With pictures excluded, copy word for word the lines in the data below from the line containing "160级罗汉鞋子,熔真金不怕" through the line containing "Download Your Free".

MATERIAL FOR THE TASK:
-----

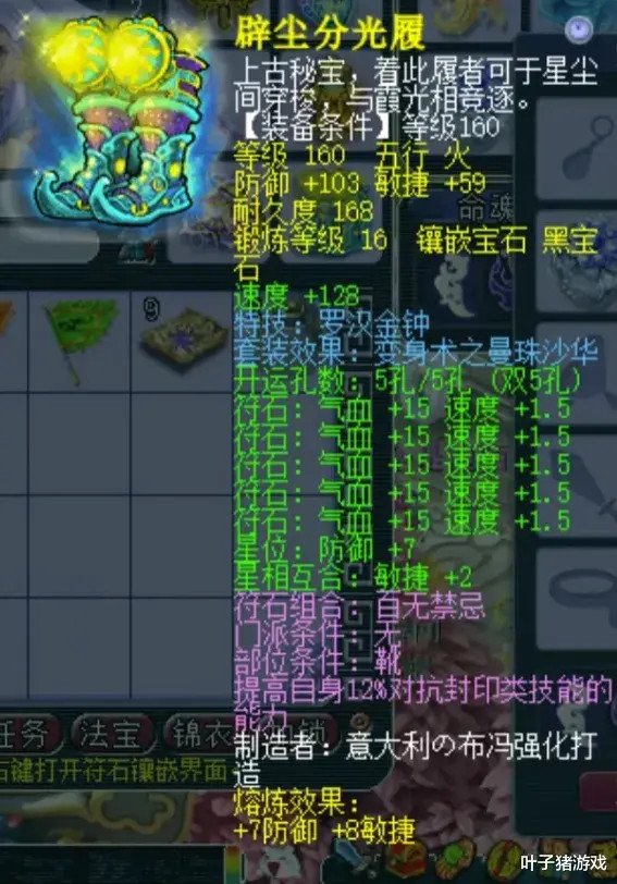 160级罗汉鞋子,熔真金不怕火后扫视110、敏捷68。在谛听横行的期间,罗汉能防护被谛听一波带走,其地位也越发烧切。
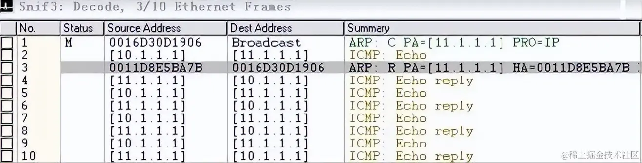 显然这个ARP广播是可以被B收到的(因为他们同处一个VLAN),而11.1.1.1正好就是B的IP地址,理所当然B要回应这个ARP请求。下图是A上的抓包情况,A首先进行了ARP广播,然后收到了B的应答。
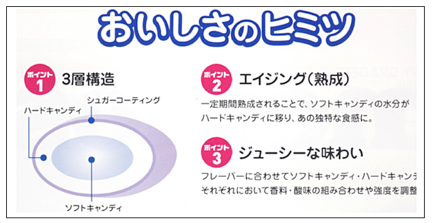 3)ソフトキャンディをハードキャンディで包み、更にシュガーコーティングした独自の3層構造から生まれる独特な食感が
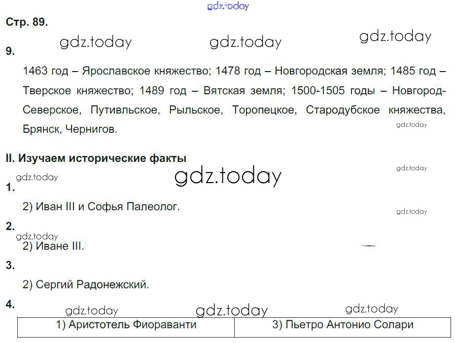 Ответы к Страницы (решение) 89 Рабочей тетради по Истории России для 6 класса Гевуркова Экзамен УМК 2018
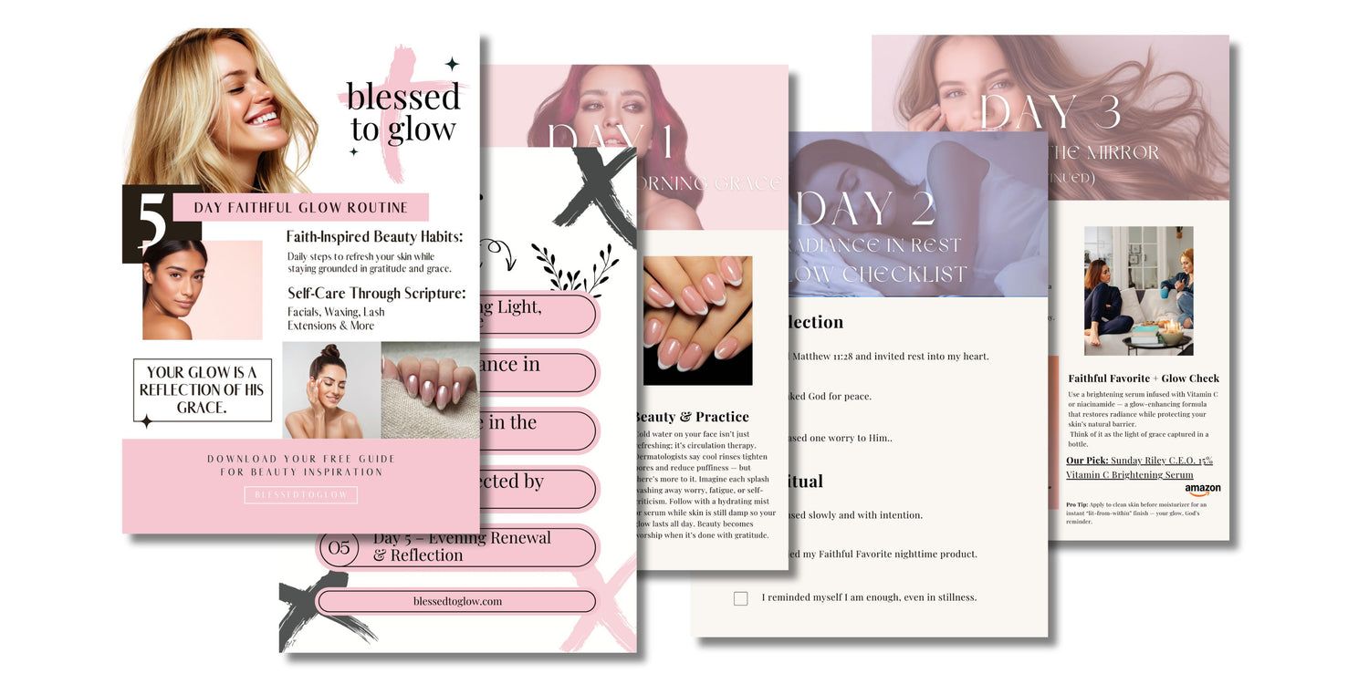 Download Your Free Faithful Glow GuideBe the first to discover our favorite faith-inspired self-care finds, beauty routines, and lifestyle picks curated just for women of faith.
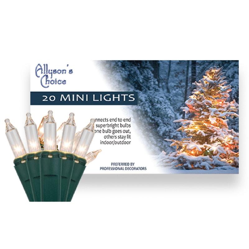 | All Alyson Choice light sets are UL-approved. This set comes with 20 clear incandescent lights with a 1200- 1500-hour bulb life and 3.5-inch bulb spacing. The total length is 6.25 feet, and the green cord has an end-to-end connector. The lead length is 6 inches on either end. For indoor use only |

-----

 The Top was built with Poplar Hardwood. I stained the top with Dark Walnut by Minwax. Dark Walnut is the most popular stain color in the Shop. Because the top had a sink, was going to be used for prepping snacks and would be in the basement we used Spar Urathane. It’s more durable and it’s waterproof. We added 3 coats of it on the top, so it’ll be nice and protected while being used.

-----

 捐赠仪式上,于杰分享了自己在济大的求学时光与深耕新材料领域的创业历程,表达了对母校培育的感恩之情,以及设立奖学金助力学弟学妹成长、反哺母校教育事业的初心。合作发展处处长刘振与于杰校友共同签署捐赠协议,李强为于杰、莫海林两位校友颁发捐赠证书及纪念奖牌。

-----

WRITTEN RESPONSE:
 160级罗汉鞋子,熔真金不怕火后扫视110、敏捷68。在谛听横行的期间,罗汉能防护被谛听一波带走,其地位也越发烧切。
 显然这个ARP广播是可以被B收到的(因为他们同处一个VLAN),而11.1.1.1正好就是B的IP地址,理所当然B要回应这个ARP请求。下图是A上的抓包情况,A首先进行了ARP广播,然后收到了B的应答。
 3)ソフトキャンディをハードキャンディで包み、更にシュガーコーティングした独自の3層構造から生まれる独特な食感が
 Ответы к Страницы (решение) 89 Рабочей тетради по Истории России для 6 класса Гевуркова Экзамен УМК 2018
 Download Your Free Faithful Glow GuideBe the first to discover our favorite faith-inspired self-care finds, beauty routines, and lifestyle picks curated just for women of faith.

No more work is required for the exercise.